O ano de 2021 tem sido profícuo em megavazamentos de dados, no Brasil e no exterior. Em janeiro deste ano, noticiou-se o mais grave vazamento em território nacional causado pela invasão de sistemas por hackers, com a exposição de dados pessoais de mais de 220 milhões de brasileiros (incluindo falecidos).1 Em junho, ganhou as manchetes mundiais a notícia do que tem sido designado o maior vazamento da história: mais de 8,4 bilhões de senhas foram compartilhadas em fórum de hackers, episódio que ficou conhecido como RockYou2021, em alusão ao incidente ocorrido em 2009 que expôs 32 milhões de senhas, designado RockYou.2

Nesse cenário, assume inegável relevância a Lei Geral de Proteção de Dados Pessoais (Lei 13.709/18), cujo artigo 2º elenca entre seus fundamentos, além da defesa do consumidor, o direito à autodeterminação informativa, assim entendido o direito fundamental do titular "de manter controle sobre suas próprias informações e de determinar a maneira de construir sua própria esfera particular".3 Busca-se, desse modo, conferir ao sujeito a posição de protagonista acerca das decisões relativas ao uso e à circulação dos seus dados pessoais.

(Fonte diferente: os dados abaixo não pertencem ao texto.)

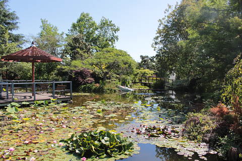 Initially when you enter there is a Japanese garden, a patio and a woodland area. This leads to one of the highlights of the garden which is a walkway over the large pond packed with different coloured water lilies and with lotus plants.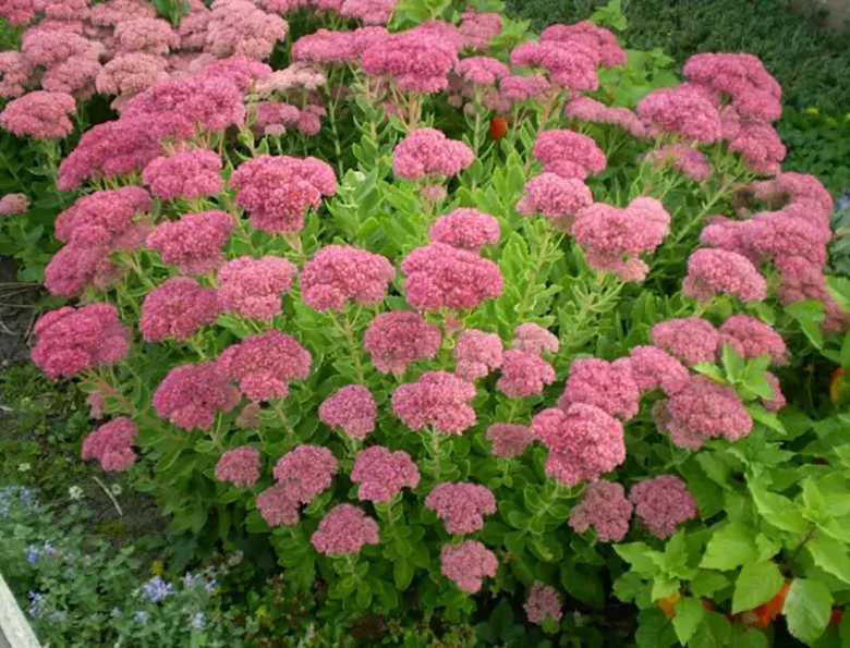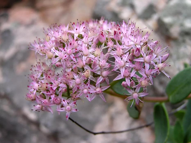 还有一个是景天科八宝属的常见植物“长药八宝”(Hylotelephium spectabile)俗名八宝景天。多年生草本。茎直立,高30-70厘米。叶对生,或3叶轮生,卵形至宽卵形,或长圆状卵形,全缘或多少有波状牙齿;伞房状花序顶生,花瓣5,淡紫红色至紫红色,披针形至宽披针形,花药紫色。它的果实是蓇葖果,蓇葖果是由单心皮雌蕊或者离生心皮雌蕊发育而来的,单心皮雌蕊发育成单独的蓇葖果,离生心皮雌蕊发育而成的聚合蓇葖果,成熟时果实仅沿一个缝线裂开。我们熟悉的香料八角就是蓇葖果。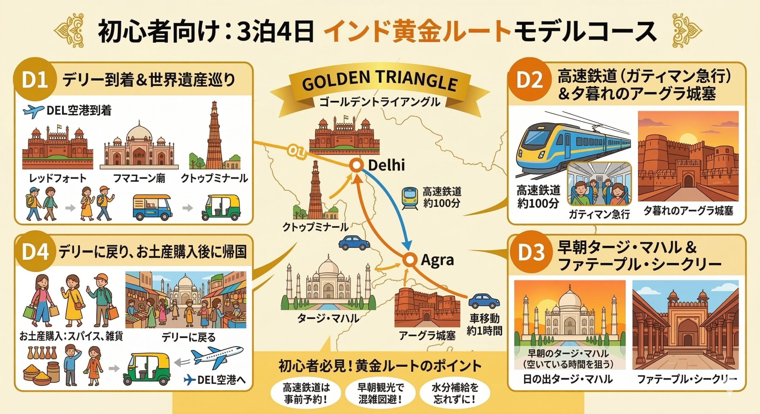 👉 国内移動は鉄道とLCC(IndiGo、SpiceJetなど)が主流。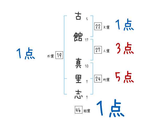 古館真里志さんの画数の鑑定結果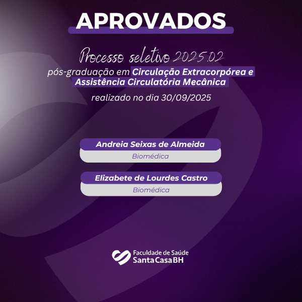 O candidato interessado em realizar o curso de Circulação Extracorpórea e Assistência Circulatória Mecânica da Faculdade de Saúde Santa Casa BH deverá realizar um processo seletivo e, para isto, ele deve estar devidamente inscrito no curso e ter enviado o currículo contendo suas formações acadêmicas para o e-mail faculdade@faculdadesantacasabh.edu.br.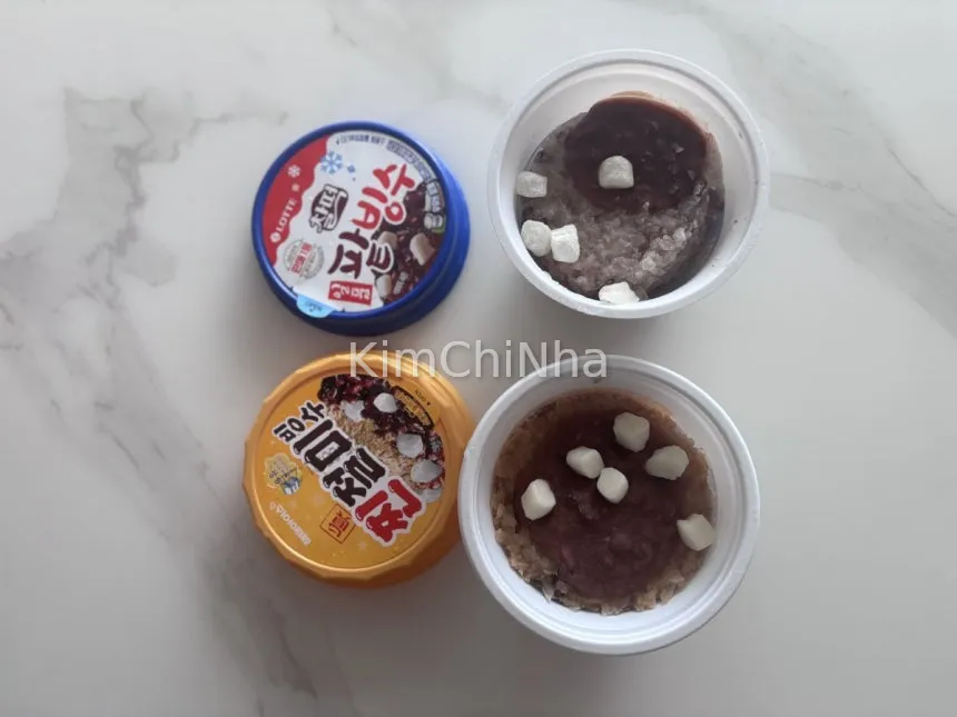 Cả hai có trọng lượng khoảng 240g và giá khoảng 2.000 won (~37.000 VNĐ). Trong khi đó, cúp bingsu của MegaMGC là 500g, gấp đôi về khối lượng và có sữa tươi, kem thật, topping đa dạng – hoàn toàn

O mesmo artigo 2º, em evidente dialética normativa, também estabelece como fundamentos da novel legislação a inovação e o desenvolvimento econômico e tecnológico. E não poderia ser diferente. O artigo 1º da Constituição de 1988 crava, entre os fundamentos da República Federativa do Brasil, a livre iniciativa (inciso IV).

Com efeito, embora a LGPD tenha sido editada com o objetivo precípuo de conferir proteção qualificada aos dados pessoais, tanto mais necessária diante do inexorável incremento das situações lesivas impulsionado pelo crescente desenvolvimento tecnológico, não descuidou de ratificar a necessidade de compatibilizar referida tutela com a promoção de outros valores constitucionalmente relevantes. A harmonia entre fundamentos e valores aparentemente antagônicos é alcançada, entre outras formas, com a opção legislativa em favor do regime de responsabilidade subjetiva do agente de tratamento pelos danos sofridos pelo titular.4

No âmbito de relações de consumo, no entanto, a LGPD remeteu as hipóteses de "violação do direito do titular (.) às regras de responsabilidade previstas na legislação pertinente" (art. 45), ou seja, no Código de Defesa do Consumidor, que estabelece regime de responsabilidade objetiva. Nesse cenário, o desafio do intérprete reside em superar a insidiosa tentação de aplicar as regras da legislação consumerista mecânica e isoladamente, como se fossem microssistema encapsulado e imune aos influxos das demais leis do ordenamento jurídico.

A evolução da ciência e da tecnologia desde a edição do CDC, há exatos 30 anos, produziu intenso impacto na sociedade brasileira e, especificamente, no mercado de consumo, tornando, por vezes, anacrônica a legislação consumerista, a requerer o seu cotejo com regulamentações elaboradas para setores específicos, a exemplo da LGPD. Por isso mesmo, há de se atribuir aos artigos 12 e 14 do CDC sentido condizente com todos os fundamentos da LGPD bem como com todas as especificidades envolvidas no tratamento de dados no meio digital, de modo a garantir a máxima proteção aos direitos do consumidor sem comprimir ilegitimamente a livre iniciativa e o desenvolvimento econômico e tecnológico.

Nos termos do CDC, a responsabilidade pelo fato do produto ou do serviço pressupõe acidente de consumo, com danos efetivos para o consumidor, cuja reparação se impõe; trata-se de reflexo da atribuição, ao fornecedor, do dever de segurança quanto aos produtos e serviços que coloca no mercado. Já a responsabilidade pelo vício se verifica quando o produto ou o serviço se revela inadequado às suas finalidades e à sua função, a conferir ao consumidor o direito de exigir o conserto do produto, a troca por outro em perfeitas condições ou a devolução do preço.

Cuidando-se de tratamento de dados, aplica-se a mesma classificação oferecida pelo CDC. Há mero vício do serviço quando o consumidor, por falha no sistema, não consegue, por exemplo, alterar seus dados em cadastro anteriormente realizado com a finalidade de realizar compras online. De outro lado, há acidente de consumo quando certo laboratório de análises clínicas permite acesso indiscriminado, por sua página na internet, aos resultados dos exames de seus pacientes.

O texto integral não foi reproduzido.